10. The Tribunal may draw up its own working procedures. The working procedures shall be compatible with the applicable dispute settlement rules and this Section. If the Tribunal decides to do so, the President of the Tribunal shall draw up draft working procedures in consultation with the other Members of the Tribunal and present the draft working procedures to the Committee The draft working procedures shall be adopted by the Committee. If the draft working procedures are not adopted by the Committee within three months of their presentation, the President of the Tribunal shall make the necessary revision to the draft working procedures, taking into consideration the views expressed by the Parties. The President of the Tribunal shall subsequently present the revised draft working procedures to the Committee. The revised draft working procedures shall be considered adopted unless the Committee decides to reject the revised draft working procedures within three months of their presentation.
11. When a procedural question arises that is not covered by this Section, by any supplementing tules adopted by the Committee or by the working procedures adopted pursuant to paragraph 10, the relevant division of the Tribunal may adopt an appropriate procedure that is compatible with those provisions.
12. A division of the Tribunal shall make every effort to take any decision by consensus. In case that a decision cannot be reached by consensus, the division of the Tribunal shall render its decision by a majority of votes of all its Members. Opinions expressed by individual Members of a division of the Tribunal shall be anonymous.

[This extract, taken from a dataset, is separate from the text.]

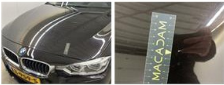
Scherm A L, Kras(sen), Herstellen en spuiten (compleet)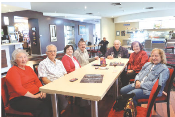
Prijatelji iz Slovenskega društva Sydney

Za očetovski dan je bila klubska dvorana prej vedno polna družin z otroki, letos pa nam ni bilo težko držati razdalje, ker je bilo prostora več kot dovolj.

13. The Members shall be available at all times and at short notice, and shall stay abreast of dispute settlement activities under this Agreement.
14. In order to ensure their availability, the Members shall be paid a monthly retainer fee to be fixed by decision of the Committee. In addition, the President of the Tribunal and the Vice-President, where applicable, shall receive a daily fee equivalent to the fee determined pursuant to paragraph 16 of Article 3.39 (Appeal Tribunal) for each day worked in fulfilling the functions of President of the Tribunal pursuant to this Section.

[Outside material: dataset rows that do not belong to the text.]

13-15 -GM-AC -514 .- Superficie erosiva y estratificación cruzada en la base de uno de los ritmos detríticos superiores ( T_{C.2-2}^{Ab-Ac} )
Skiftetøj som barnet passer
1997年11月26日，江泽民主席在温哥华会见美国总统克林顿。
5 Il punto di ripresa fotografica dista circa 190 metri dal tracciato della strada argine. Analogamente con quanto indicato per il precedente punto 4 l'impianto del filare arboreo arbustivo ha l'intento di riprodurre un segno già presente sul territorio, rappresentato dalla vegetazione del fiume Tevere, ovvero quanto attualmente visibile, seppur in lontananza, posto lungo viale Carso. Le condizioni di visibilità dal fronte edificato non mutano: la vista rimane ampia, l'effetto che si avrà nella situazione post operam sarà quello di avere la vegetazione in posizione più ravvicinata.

15. The retainer fee and the daily fee referred to in paragraph 14 shall be paid by both Parties taking into account their respective level of development into an account managed by the Secretariat of ICSID. In the event that one Party fails to pay the retainer fee or the daily fee, the other Party may elect to pay instead. Any such arrears will remain payable, with appropriate interests.

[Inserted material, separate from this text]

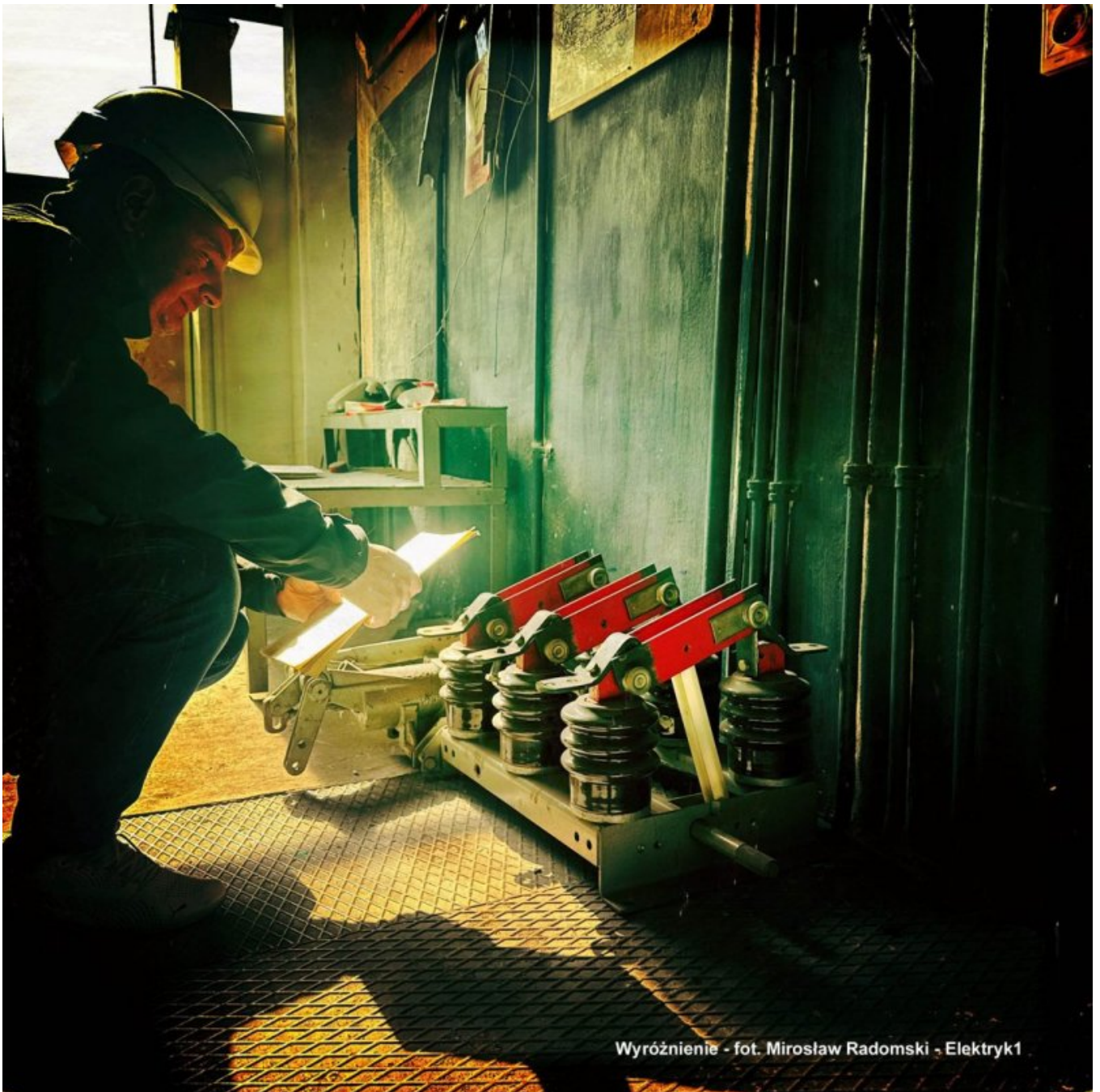
W - Radomski Mirosław - Elektryk1

16. Unless the Committee adopts a decision pursuant to paragraph 17, the amount of the other fees and expenses of the Members of a division of the Tribunal shall be those determined pursuant to Regulation 14(1) of the Administrative and Financial Regulations of the ICSID Convention in force on the date of the submission of the claim and allocated by the Tribunal among the disputing parties in accordance with paragraph 4 of Article 3.53 (Provisional Award).
17. Upon a decision by the Committee, the retainer fee, the daily fee and the other fees and expenses may be permanently transformed into a regular salary. In such a case, the Members of the Tribunal shall serve on a full-time basis and they shall not be permitted to engage in any occupation, whether gainful or not, unless exemption is exceptionally granted by the President of the Tribunal. The Committee shall fix their remuneration and related organisational matters.
18. The Secretariat of ICSID shall act as Secretariat for the Tribunal and provide it with appropriate support. The expenses for such support shall be allocated by the Tribunal among the disputing parties in accordance with paragraph 4 of Article 3.53 (Provisional Award).